What you should do = In the listing below, find the line with "Dennoch waren Jutta" and copy every line from there up to and including the line with "オイラ的にはどのケチャダンス", exactly and without pictures.

Listed entries =
++++++++++++++++++++

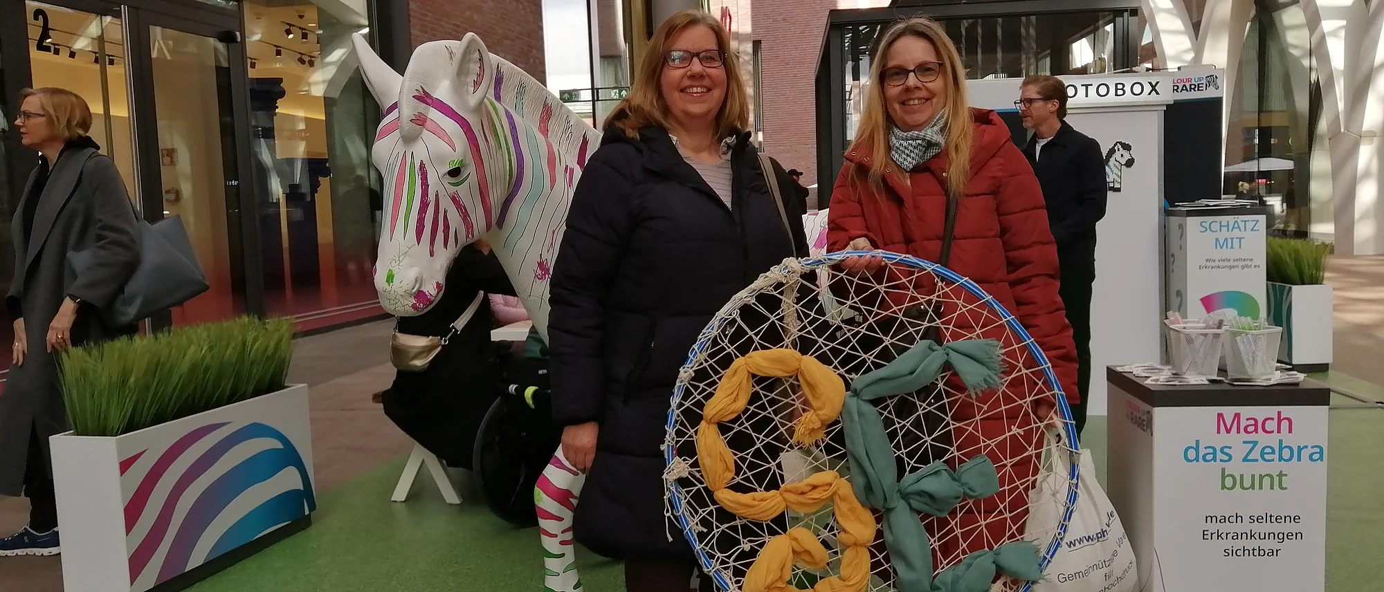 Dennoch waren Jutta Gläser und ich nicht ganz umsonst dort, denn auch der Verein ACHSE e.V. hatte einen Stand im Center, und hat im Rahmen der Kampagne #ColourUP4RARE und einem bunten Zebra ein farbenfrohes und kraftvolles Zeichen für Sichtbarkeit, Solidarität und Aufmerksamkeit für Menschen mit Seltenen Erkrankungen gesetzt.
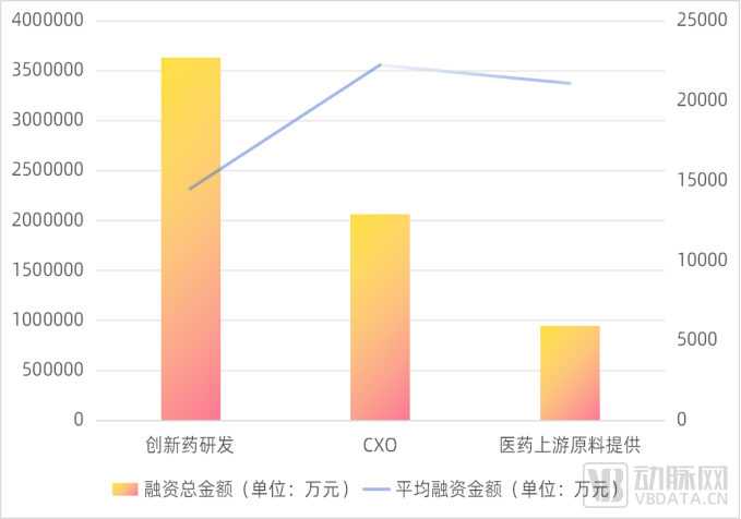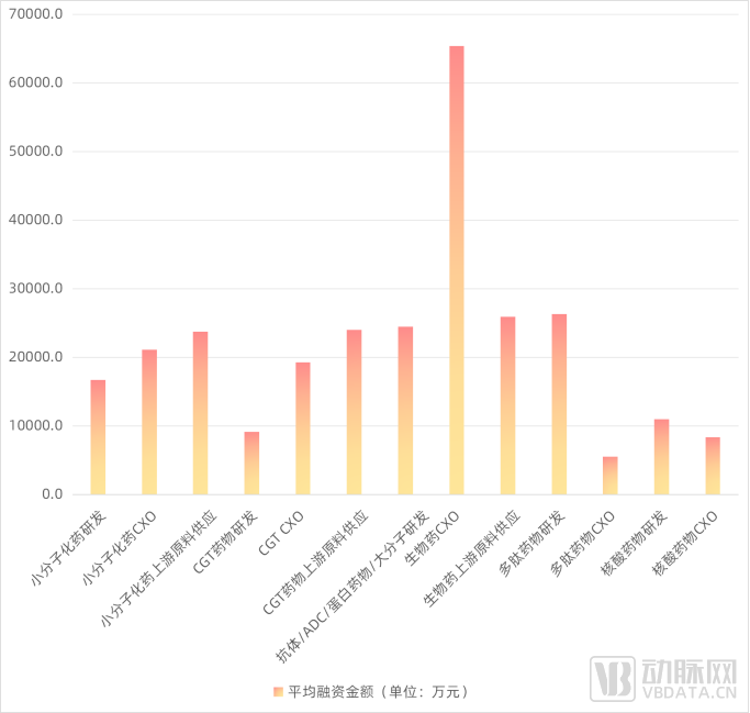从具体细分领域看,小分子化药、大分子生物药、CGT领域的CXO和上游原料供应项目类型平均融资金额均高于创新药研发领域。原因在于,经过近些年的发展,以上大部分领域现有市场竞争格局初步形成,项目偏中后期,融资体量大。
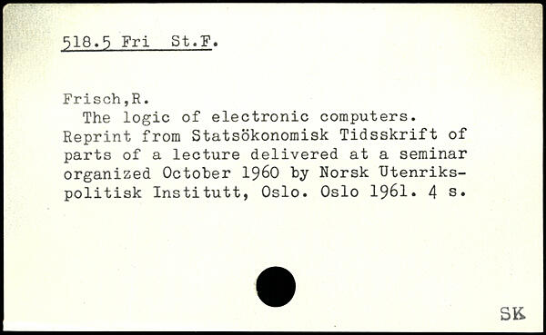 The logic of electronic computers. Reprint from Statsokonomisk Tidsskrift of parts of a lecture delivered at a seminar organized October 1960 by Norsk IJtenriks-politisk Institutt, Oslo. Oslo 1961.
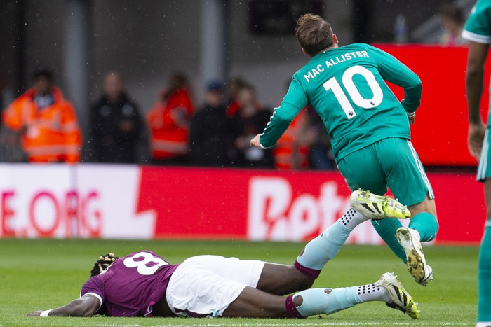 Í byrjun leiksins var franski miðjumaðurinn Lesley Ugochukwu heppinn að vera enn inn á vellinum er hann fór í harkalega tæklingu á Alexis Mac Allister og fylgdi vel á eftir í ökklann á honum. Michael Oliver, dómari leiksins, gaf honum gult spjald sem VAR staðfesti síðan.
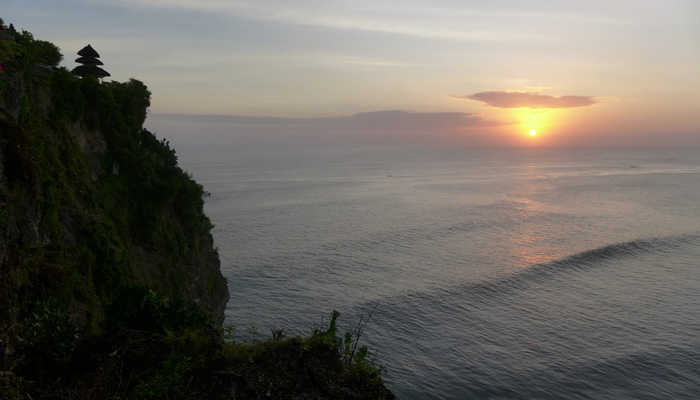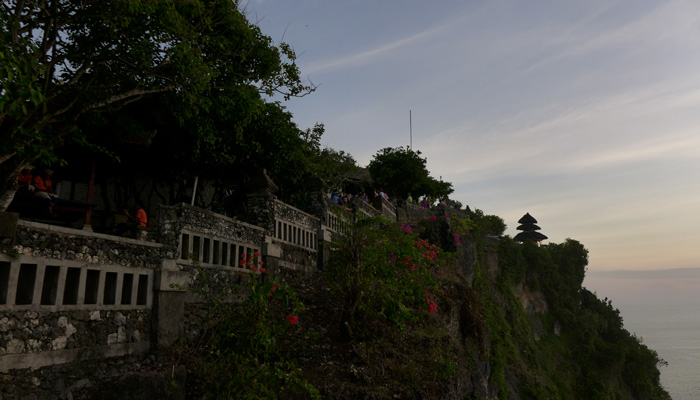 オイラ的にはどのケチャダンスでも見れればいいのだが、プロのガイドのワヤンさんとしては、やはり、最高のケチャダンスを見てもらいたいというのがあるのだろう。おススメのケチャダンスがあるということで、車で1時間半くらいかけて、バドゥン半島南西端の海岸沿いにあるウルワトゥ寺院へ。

++++++++++++++++++++

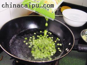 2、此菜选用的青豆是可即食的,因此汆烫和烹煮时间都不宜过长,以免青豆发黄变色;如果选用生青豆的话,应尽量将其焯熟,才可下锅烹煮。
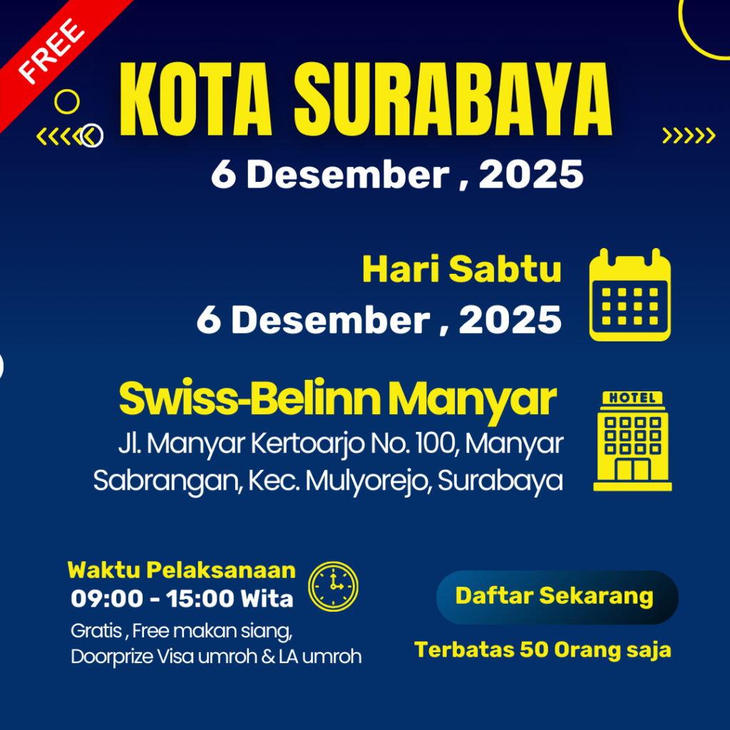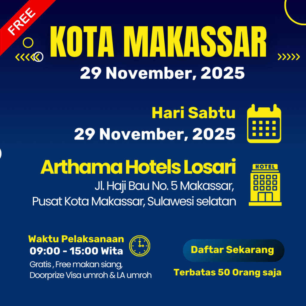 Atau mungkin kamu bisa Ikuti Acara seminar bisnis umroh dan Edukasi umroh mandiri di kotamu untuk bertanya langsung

++++++++++++++++++++

Task answer =
 Dennoch waren Jutta Gläser und ich nicht ganz umsonst dort, denn auch der Verein ACHSE e.V. hatte einen Stand im Center, und hat im Rahmen der Kampagne #ColourUP4RARE und einem bunten Zebra ein farbenfrohes und kraftvolles Zeichen für Sichtbarkeit, Solidarität und Aufmerksamkeit für Menschen mit Seltenen Erkrankungen gesetzt.
从具体细分领域看,小分子化药、大分子生物药、CGT领域的CXO和上游原料供应项目类型平均融资金额均高于创新药研发领域。原因在于,经过近些年的发展,以上大部分领域现有市场竞争格局初步形成,项目偏中后期,融资体量大。
 The logic of electronic computers. Reprint from Statsokonomisk Tidsskrift of parts of a lecture delivered at a seminar organized October 1960 by Norsk IJtenriks-politisk Institutt, Oslo. Oslo 1961.
 Í byrjun leiksins var franski miðjumaðurinn Lesley Ugochukwu heppinn að vera enn inn á vellinum er hann fór í harkalega tæklingu á Alexis Mac Allister og fylgdi vel á eftir í ökklann á honum. Michael Oliver, dómari leiksins, gaf honum gult spjald sem VAR staðfesti síðan.
 オイラ的にはどのケチャダンスでも見れればいいのだが、プロのガイドのワヤンさんとしては、やはり、最高のケチャダンスを見てもらいたいというのがあるのだろう。おススメのケチャダンスがあるということで、車で1時間半くらいかけて、バドゥン半島南西端の海岸沿いにあるウルワトゥ寺院へ。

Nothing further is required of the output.